■ **Exercise objective**
Only the text of the entries below should appear in your exact transcription; leave out every picture.

[Data extracted from a collection]
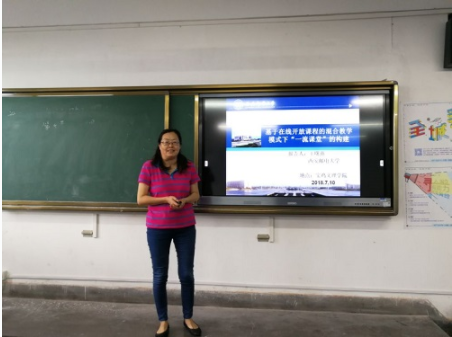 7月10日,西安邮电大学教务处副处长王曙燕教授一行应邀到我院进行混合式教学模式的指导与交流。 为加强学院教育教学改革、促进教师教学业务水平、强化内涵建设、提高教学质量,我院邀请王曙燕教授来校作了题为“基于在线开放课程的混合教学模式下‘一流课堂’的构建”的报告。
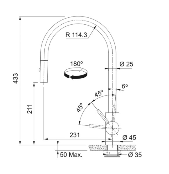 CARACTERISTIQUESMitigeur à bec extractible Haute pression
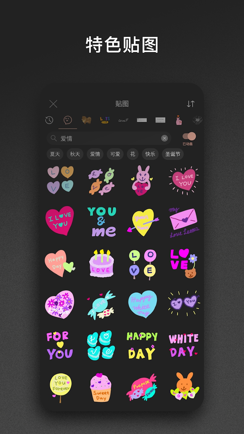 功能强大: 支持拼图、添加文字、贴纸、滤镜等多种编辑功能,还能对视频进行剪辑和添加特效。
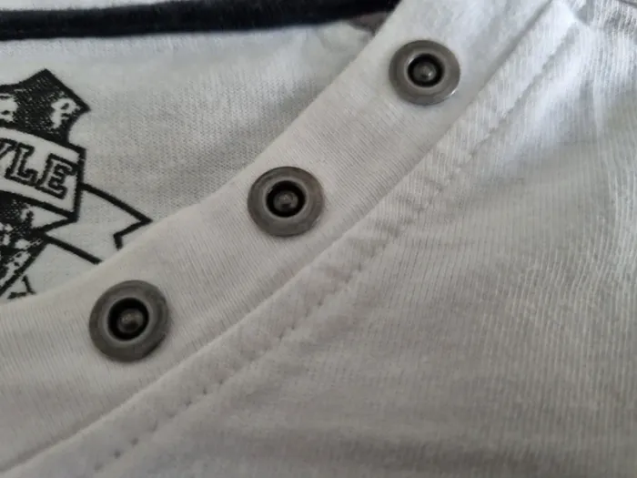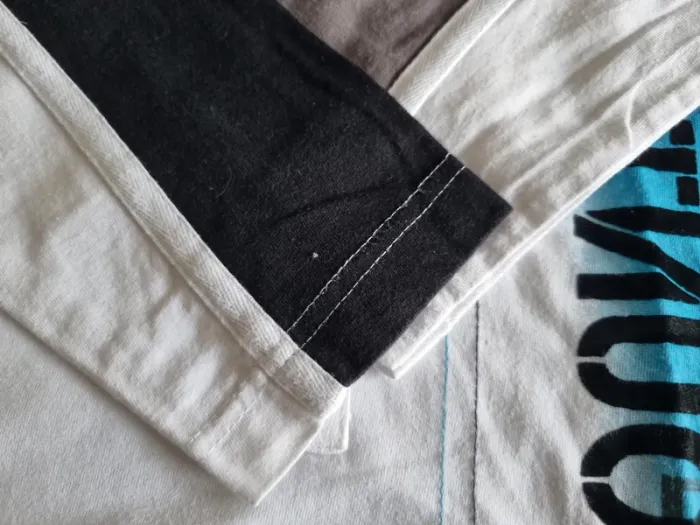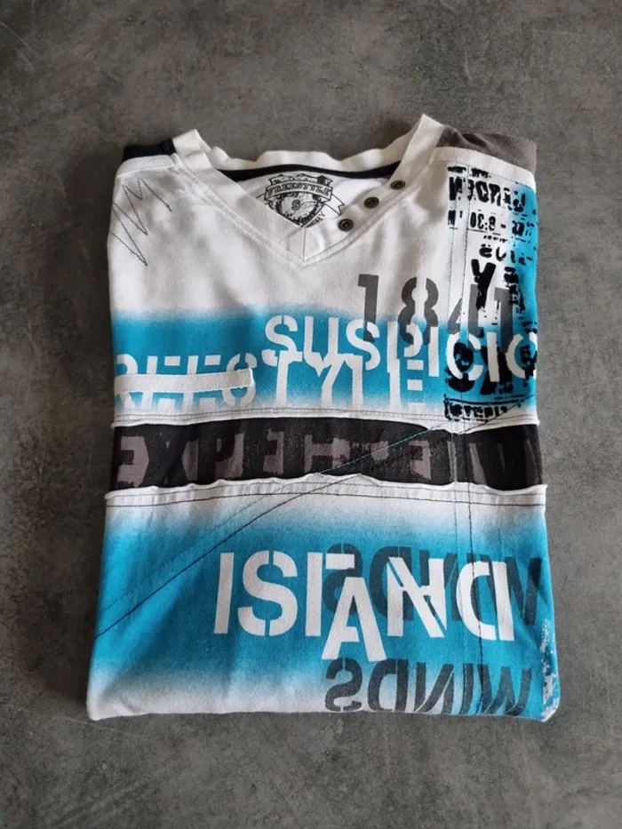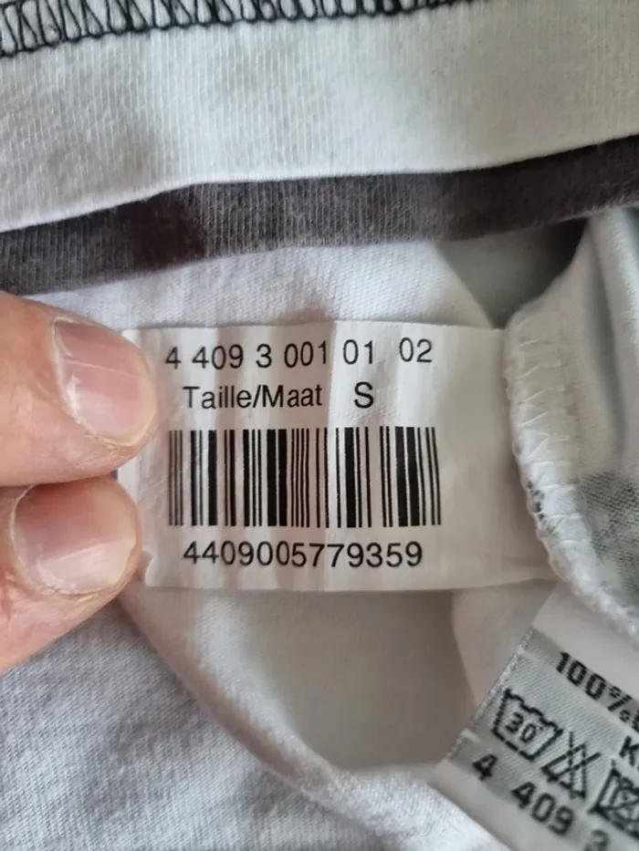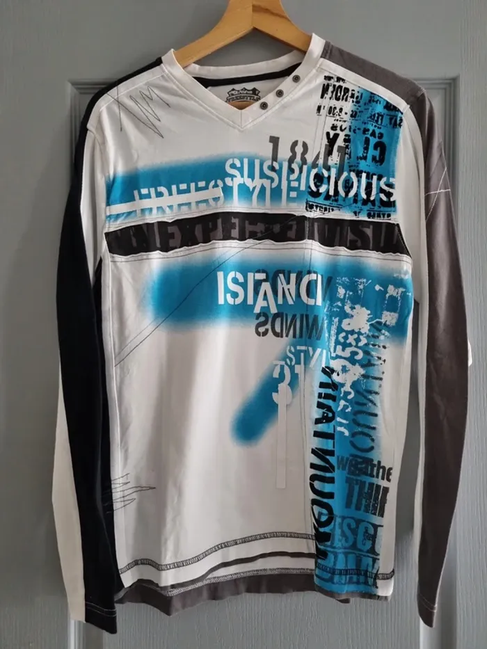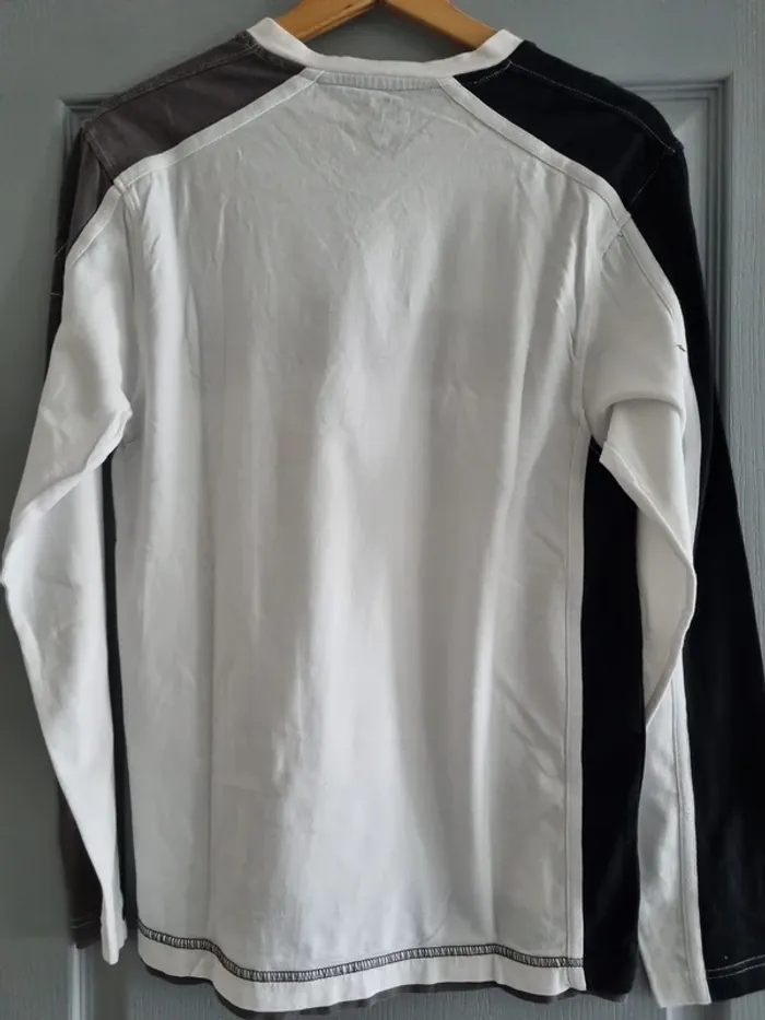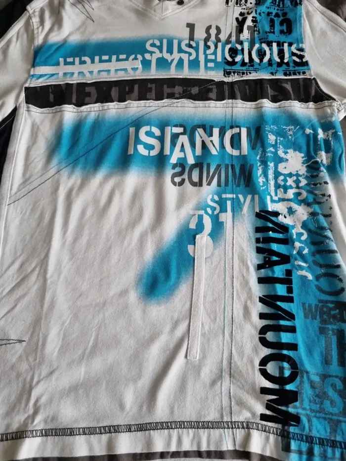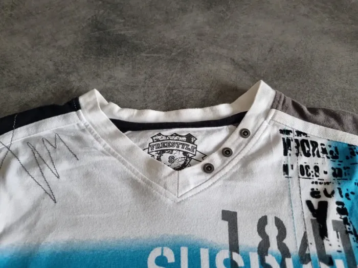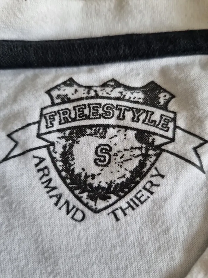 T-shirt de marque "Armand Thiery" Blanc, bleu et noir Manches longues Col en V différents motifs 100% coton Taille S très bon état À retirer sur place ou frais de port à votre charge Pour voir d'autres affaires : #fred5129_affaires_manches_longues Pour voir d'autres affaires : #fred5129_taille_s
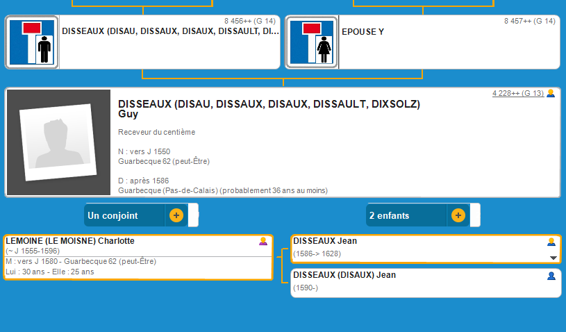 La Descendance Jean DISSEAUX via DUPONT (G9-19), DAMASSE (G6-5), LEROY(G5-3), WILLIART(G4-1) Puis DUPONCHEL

■ **Problem solution**
 7月10日,西安邮电大学教务处副处长王曙燕教授一行应邀到我院进行混合式教学模式的指导与交流。 为加强学院教育教学改革、促进教师教学业务水平、强化内涵建设、提高教学质量,我院邀请王曙燕教授来校作了题为“基于在线开放课程的混合教学模式下‘一流课堂’的构建”的报告。
 CARACTERISTIQUESMitigeur à bec extractible Haute pression
 功能强大: 支持拼图、添加文字、贴纸、滤镜等多种编辑功能,还能对视频进行剪辑和添加特效。
 T-shirt de marque "Armand Thiery" Blanc, bleu et noir Manches longues Col en V différents motifs 100% coton Taille S très bon état À retirer sur place ou frais de port à votre charge Pour voir d'autres affaires : #fred5129_affaires_manches_longues Pour voir d'autres affaires : #fred5129_taille_s
 La Descendance Jean DISSEAUX via DUPONT (G9-19), DAMASSE (G6-5), LEROY(G5-3), WILLIART(G4-1) Puis DUPONCHEL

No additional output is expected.